Most BibTeX styles don't support url, but this seems valid; bibtex will treat this as verbatim, and in verbatim, % is allowed. This MWE renders as expected for me:

\documentclass{article}

\usepackage{filecontents}

\begin{filecontents}{\jobname.bib}
@misc{Bar2019,
    author = {Bar, Foo},
    url = {http://example.com/Foo%20-%20Bar.pdf}
}
\end{filecontents}

\begin{document}

From \cite{Bar2019} we see \ldots

\bibliographystyle{alpha}
\bibliography{\jobname}
\end{document}

Both BBT and stock import this just fine for me. Does the detectImport error out, or does it return false?
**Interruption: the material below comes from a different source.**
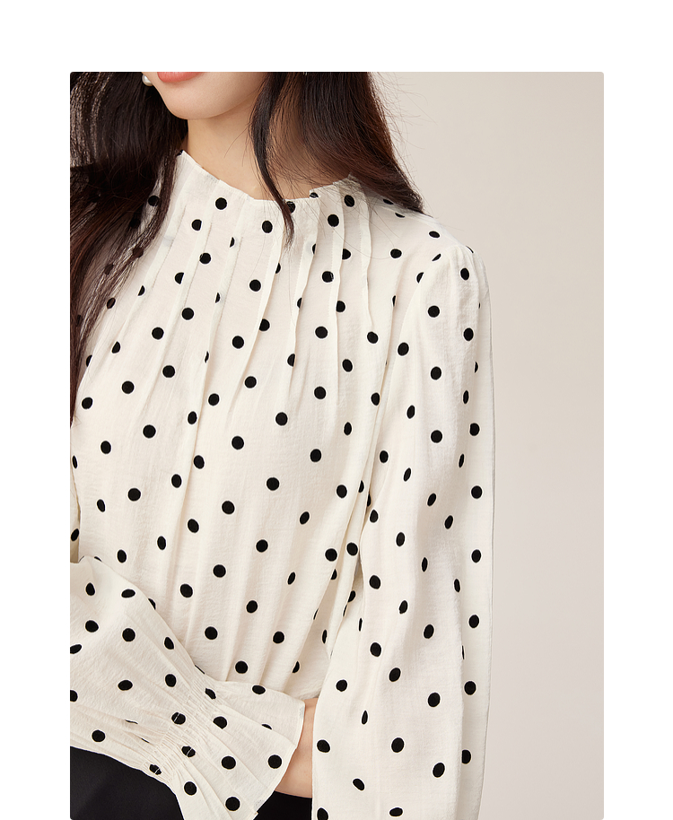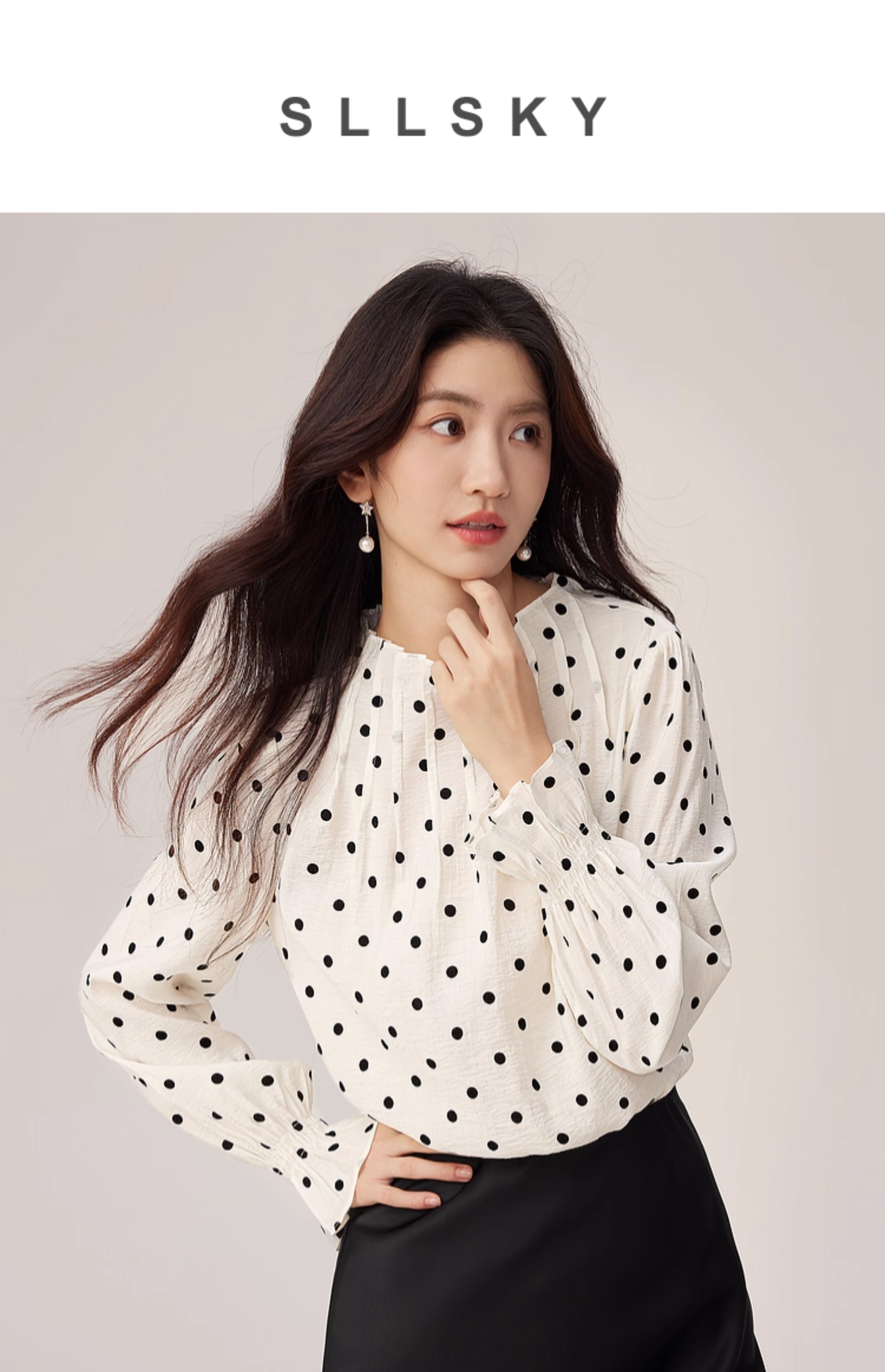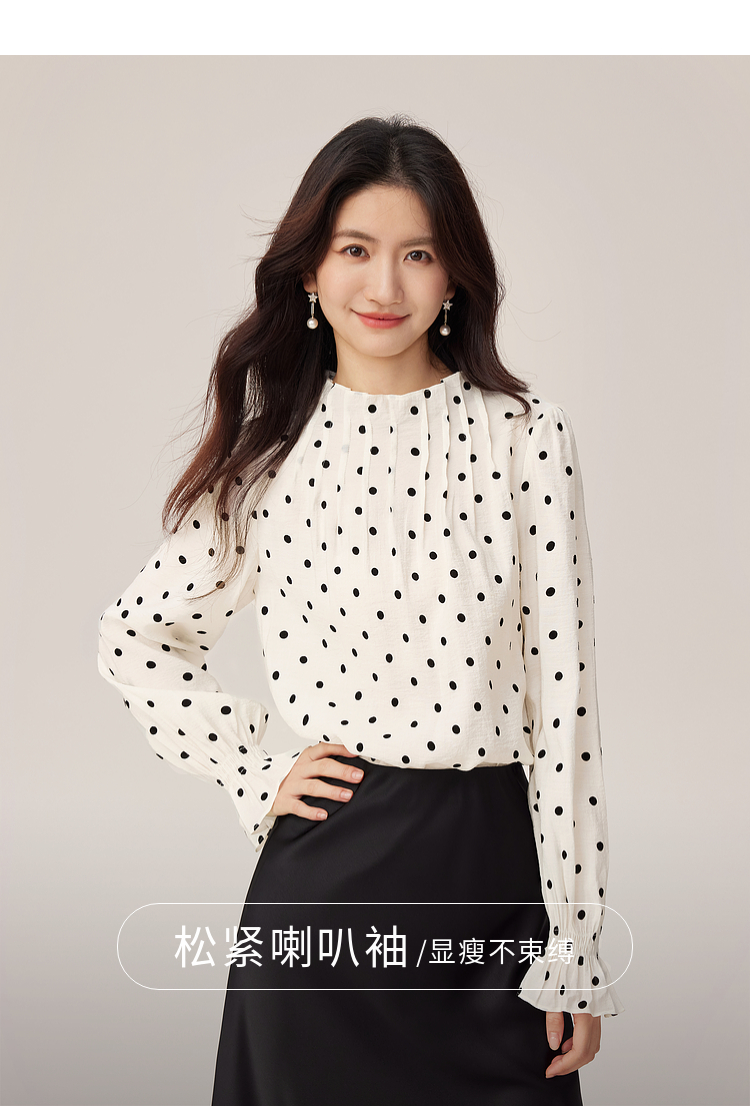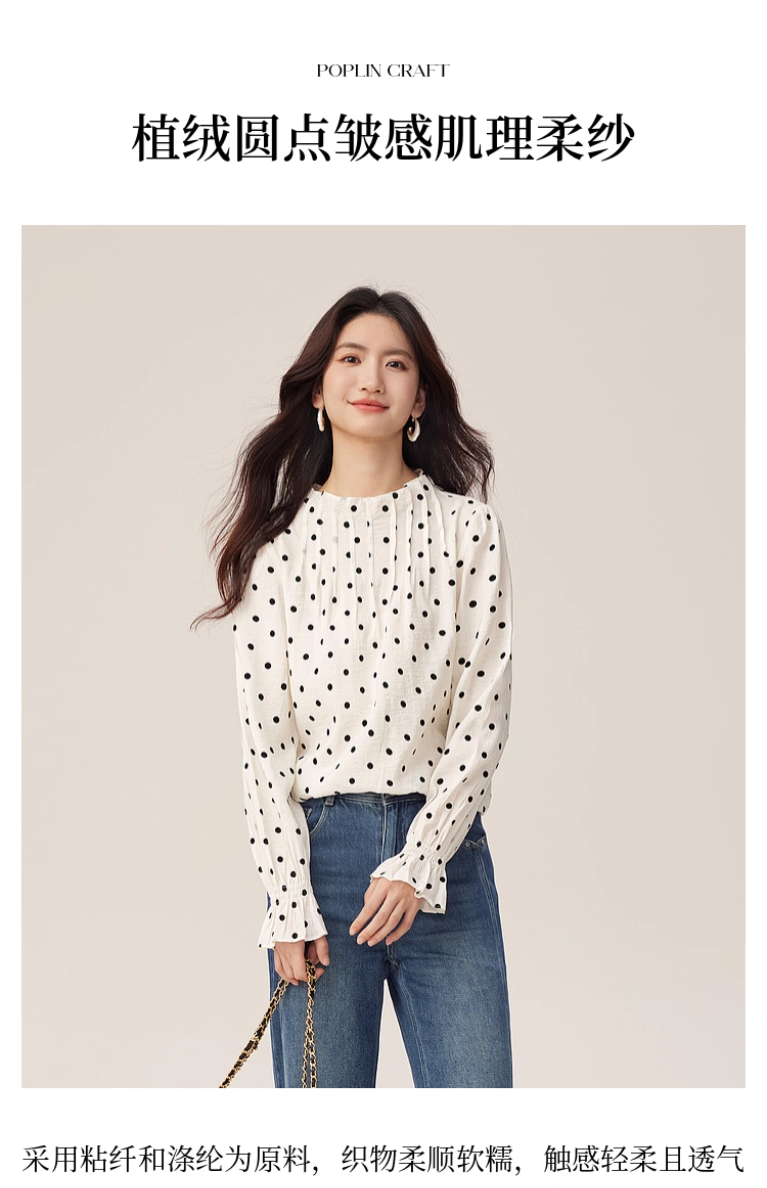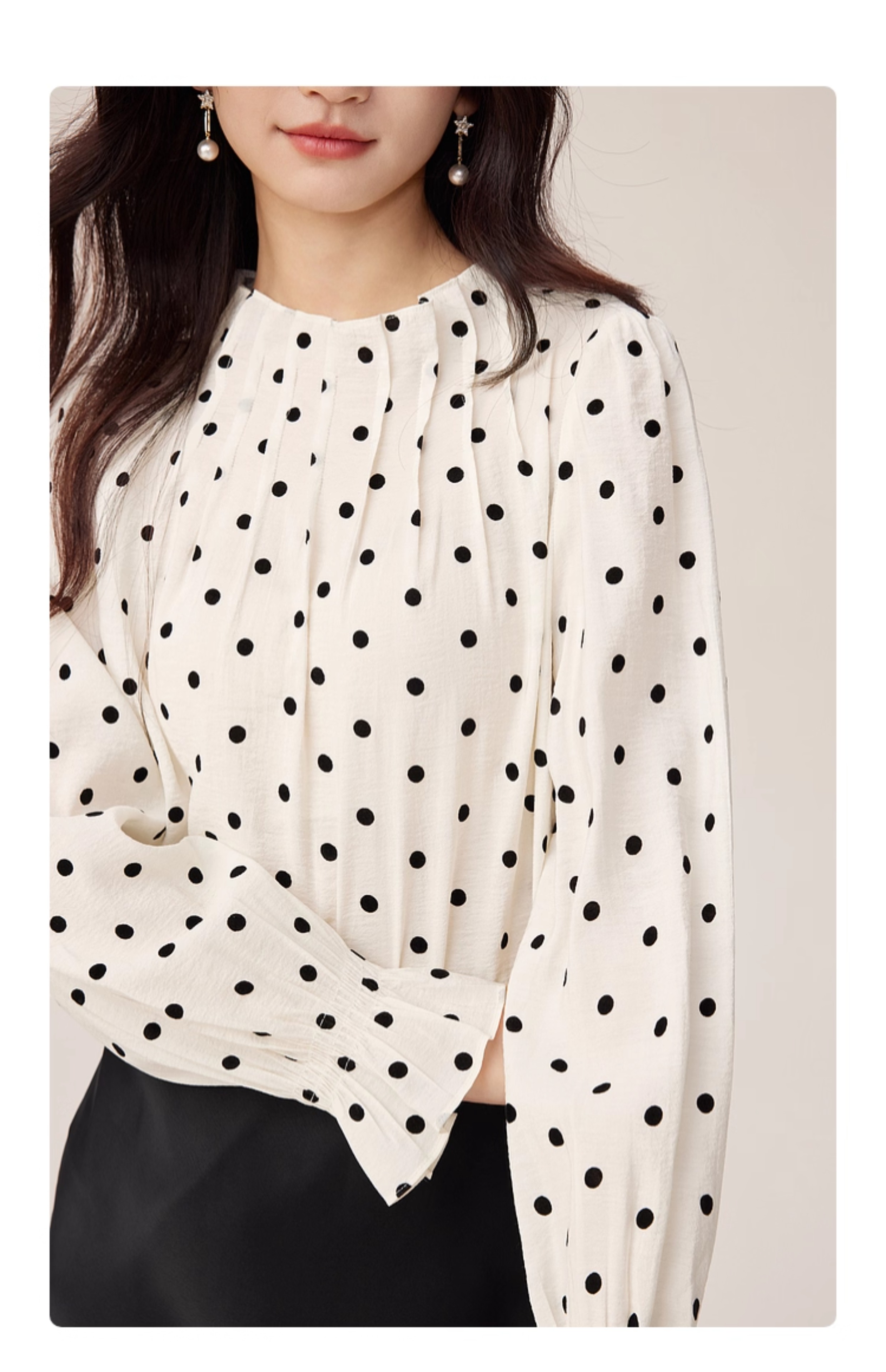 【周四狂欢价】熙世界法式复古波点雪纺衫女2025年新款秋季休闲套头喇叭长袖衬衫

dstillman commented 5 years ago

No errors are logged.

retorquere commented 5 years ago

I see the detectWeb treating % as a comment character (which it shouldn't, technically), but running it locally gives me a positive detect:

let data = `
@misc{Bar2019,
    author = {Bar, Foo},
    url = {http://example.com/Foo%20-%20Bar.pdf}
}
`

Zotero = {
  read: function(n) {
    const part = data.substring(0, n)
    data = data.substring(n)
    return part
  },

  debug(msg) {
    console.log(msg)
  }
}

function detectImport() {
  var maxChars = 1048576; // 1MB

  var inComment = false;
  var block = "";
  var buffer = "";
  var chr = "";
  var charsRead = 0;

  var re = /^\s*@[a-zA-Z]+[\(\{]/;
  while ((buffer = Zotero.read(4096)) && charsRead < maxChars) {
    Zotero.debug("Scanning " + buffer.length + " characters for BibTeX");
    charsRead += buffer.length;
    for (var i=0; i<buffer.length; i++) {
      chr = buffer[i];

      if (inComment && chr != "\r" && chr != "\n") {
        continue;
      }
      inComment = false;

      if (chr == "%") {
        // read until next newline
        block = "";
        inComment = true;
      } else if ((chr == "\n" || chr == "\r"
        // allow one-line entries
            || i == (buffer.length - 1))
            && block) {
        // check if this is a BibTeX entry
        if (re.test(block)) {
          return true;
        }

        block = "";
      } else if (!" \n\r\t".includes(chr)) {
        block += chr;
      }
    }
  }
}

console.log(detectImport())
retorquere commented 5 years ago

If I add this as a testcase though, I get an internal server error running the tests.

  {
    "type": "import",
    "input": "@misc{Bar2019,\n author = {Bar, Foo}, url = {http://example.com/Foo%20-%20Bar.pdf} }",
    "items": [
      {
        "itemType": "book",
        "creators": [
          {
            "firstName": "Foo",
            "lastName": "Bar",
            "creatorType": "author"
          }
        ],
        "url": "http://example.com/Foo%20-%20Bar.pdf",
        "attachments": [],
        "notes": [],
        "seeAlso": []
      }
retorquere commented 5 years ago

Oh that's because detectImport said false

retorquere commented 5 years ago

No wait, that's a different problem, it stops scanning at the first newline not before -- my test above has no newlines. With newlines (updated above), this passes for me.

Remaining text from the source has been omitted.